Vine Line All-Time Top 10: Charlie Root
Coming in April, Vine Line begins its Top 10 countdown of all-time Cubs players. We want to know who would make your list. Comment with your picks or favorite stories, and we might publish your argument in the next issue of Vine Line! Thanks to Cubs historian Ed Hartig for his help.
Born on St. Patrick’s Day in 1899, Charlie Root embodied the type of old-school competitiveness that was a trademark of early 20th century Cubs teams. In 1927, his second full season, Root led the NL with 26 wins. No Cubs pitcher has reached 25 since.

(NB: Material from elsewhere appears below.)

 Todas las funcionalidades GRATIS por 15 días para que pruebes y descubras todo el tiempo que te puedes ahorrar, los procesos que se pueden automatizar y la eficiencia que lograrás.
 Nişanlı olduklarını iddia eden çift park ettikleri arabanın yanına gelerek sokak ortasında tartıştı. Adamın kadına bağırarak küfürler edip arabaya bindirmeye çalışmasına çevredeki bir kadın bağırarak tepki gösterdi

Teammates testifying to Charlie Root’s competitiveness deny there ever was a “called shot” in the 1932 World Series. They believe that if Babe Ruth ever pointed anywhere with Root on the mound, the “Bambino” surely would have gotten one right in the ribs instead of serving up a gopher ball.
Primarily a starter for the Cubs from 1926-33, he spent the next eight seasons mostly coming out of the bullpen. It was as a reliever that Root posted his 200th major-league win on Aug. 27, 1941. Just 17 days earlier, he had been honored on “Charlie Root Day” at Wrigley Field.

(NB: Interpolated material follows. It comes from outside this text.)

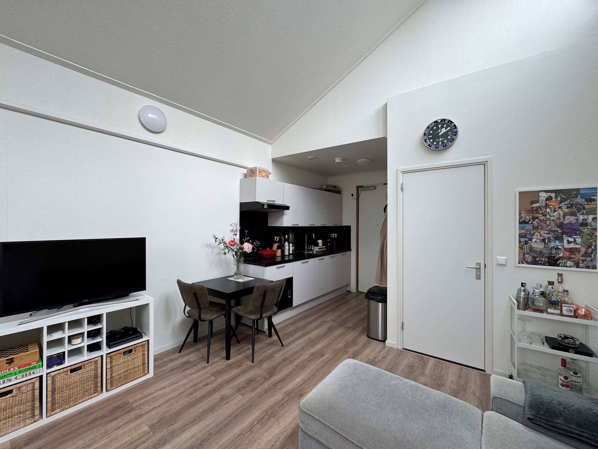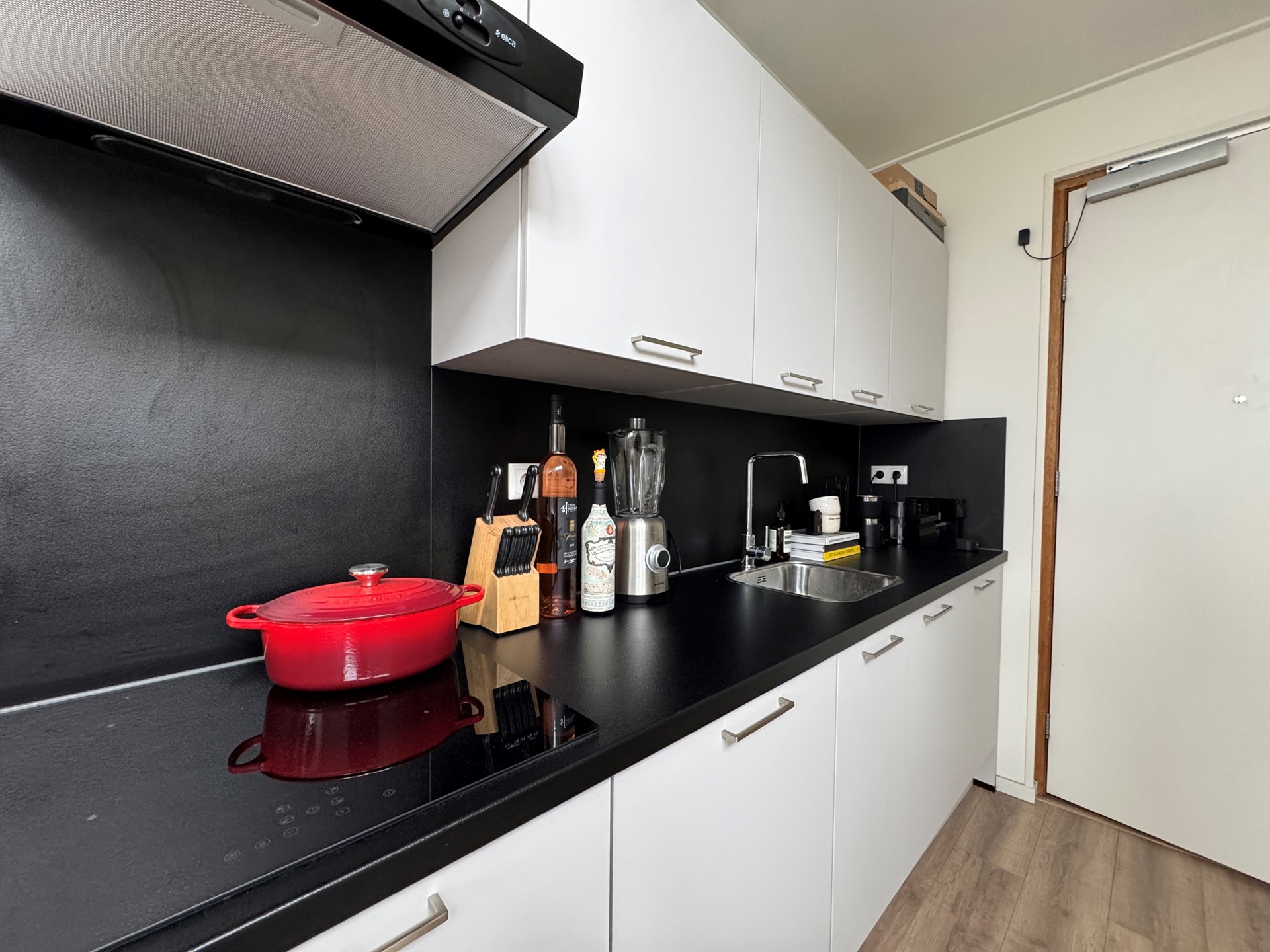 Je komt binnen in een gedeelde hal die toegang geeft tot de gezamenlijke fietsenstalling en de overige studio’s. De studio bevindt zich op de eerste verdieping van het pand en heeft een totale woonoppervlakte van circa 30 m². Bij binnenkomst kom je in de woon-/slaapkamer met open keuken. De keuken is voorzien van een afzuigkap, inductiekookplaat, combi-oven, koelkast en vaatwasser. De badkamer beschikt over een douche, wastafel en toilet. Daarnaast is er een gedeelde wasruimte aanwezig, die je deelt met de andere adressen in het pand.

Following his retirement after the 1941 season, Root went on to pitch semi-regularly in the minors from 1942 to 1945. In addition to pitching, he also managed in the minors during 1943-46, 1948, 1950 and 1954. He served as a major-league coach with the Cubs (1951-53, 1960) and Milwaukee Braves (1956-57).
Root’s contributions on the mound–as well as from the dugout–help make him the perfect Cubs player to launch Vine Line’s Top 10.